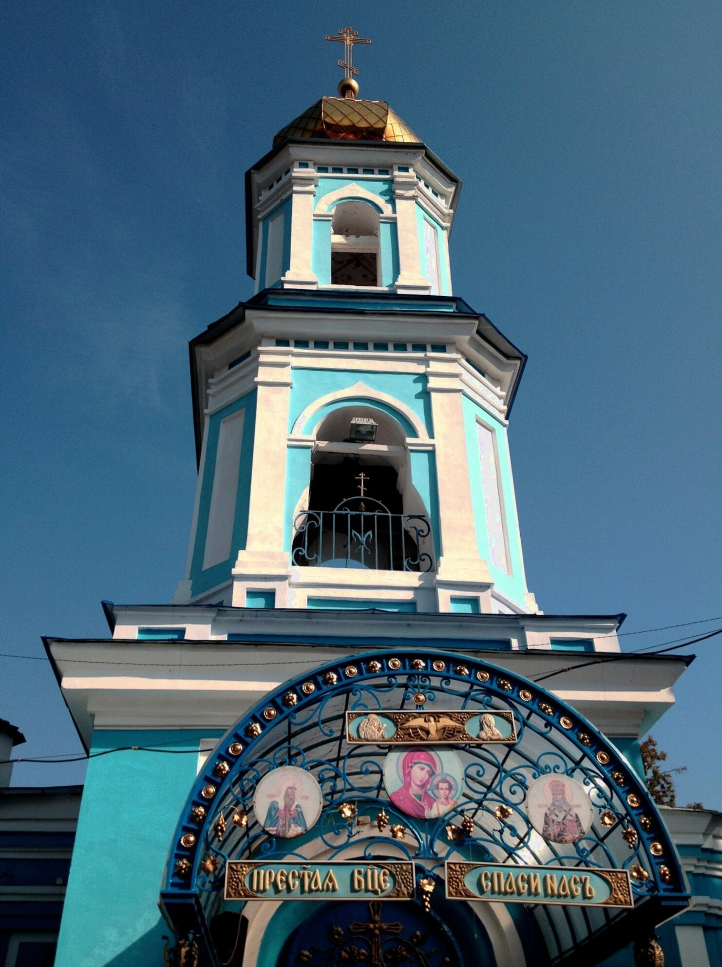 На представленной фотографии запечатлена колокольня Церкви Ярославских Чудотворцев, расположенной на территории исторического Арского кладбища в Казани. Снимок выполнен с нижнего ракурса, что позволяет в полной мере оценить величие и стройность архитектурного сооружения, устремленного в небесную высь.
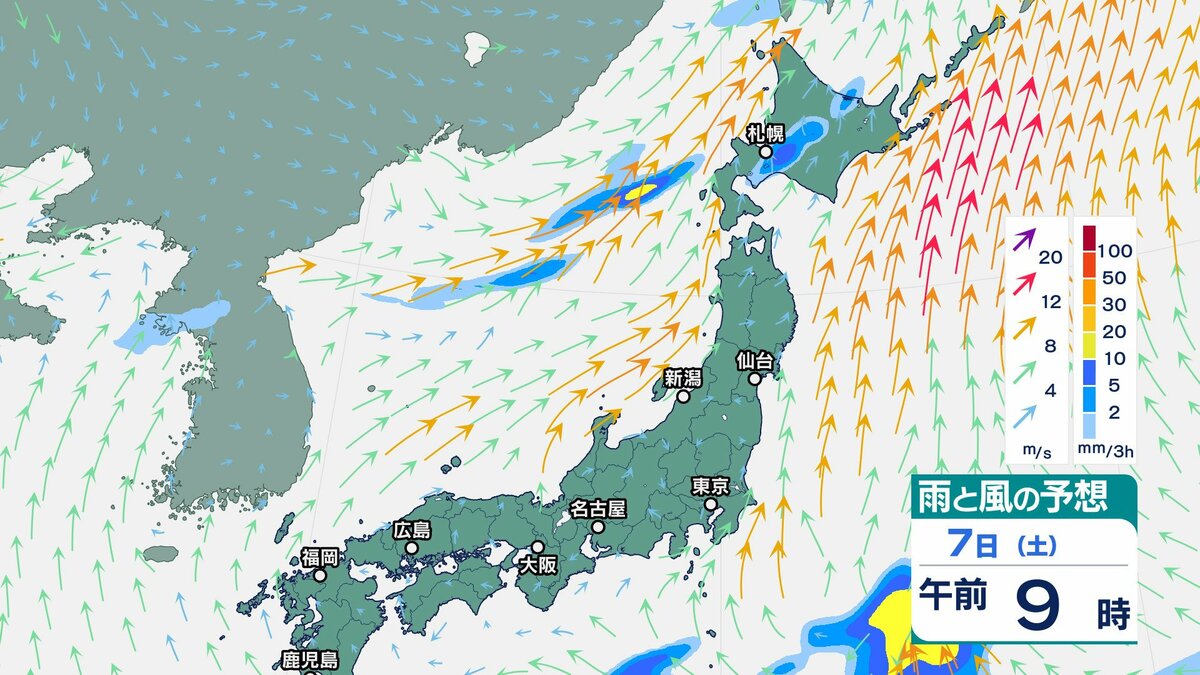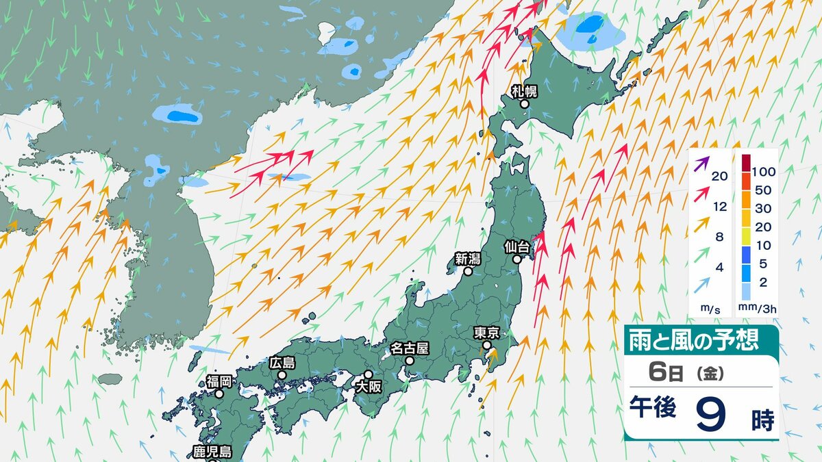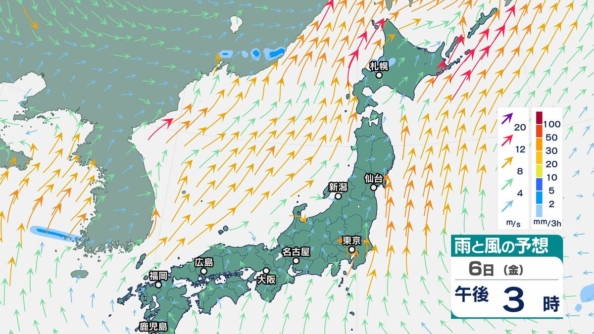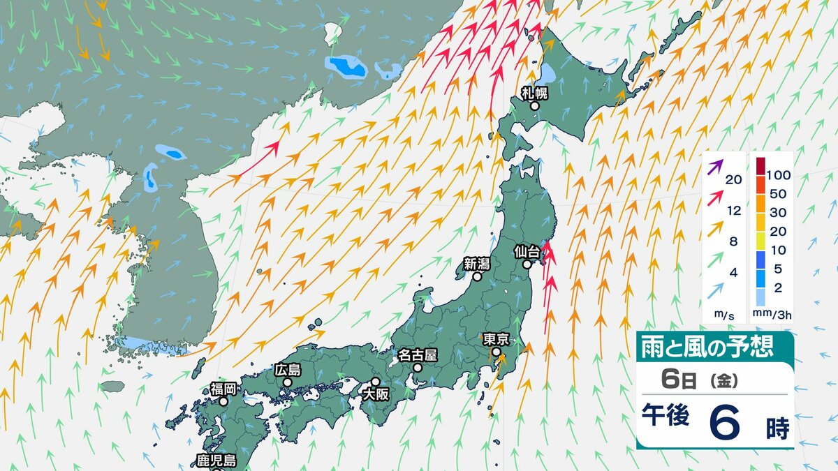 また、北日本では低気圧や前線と日本の南の高気圧との間で気圧の傾きが大きくなっています。このため、やや強い風や強い風が吹き、波が高くなっている所があります。
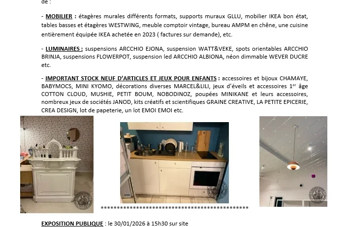Mobilier, luminaires, stock neuf d’articles et jeux pour enfants

» Task description
Pictures aside, return all of the material exactly as written.

» Finished task
 На представленной фотографии запечатлена колокольня Церкви Ярославских Чудотворцев, расположенной на территории исторического Арского кладбища в Казани. Снимок выполнен с нижнего ракурса, что позволяет в полной мере оценить величие и стройность архитектурного сооружения, устремленного в небесную высь.
 また、北日本では低気圧や前線と日本の南の高気圧との間で気圧の傾きが大きくなっています。このため、やや強い風や強い風が吹き、波が高くなっている所があります。
Mobilier, luminaires, stock neuf d’articles et jeux pour enfants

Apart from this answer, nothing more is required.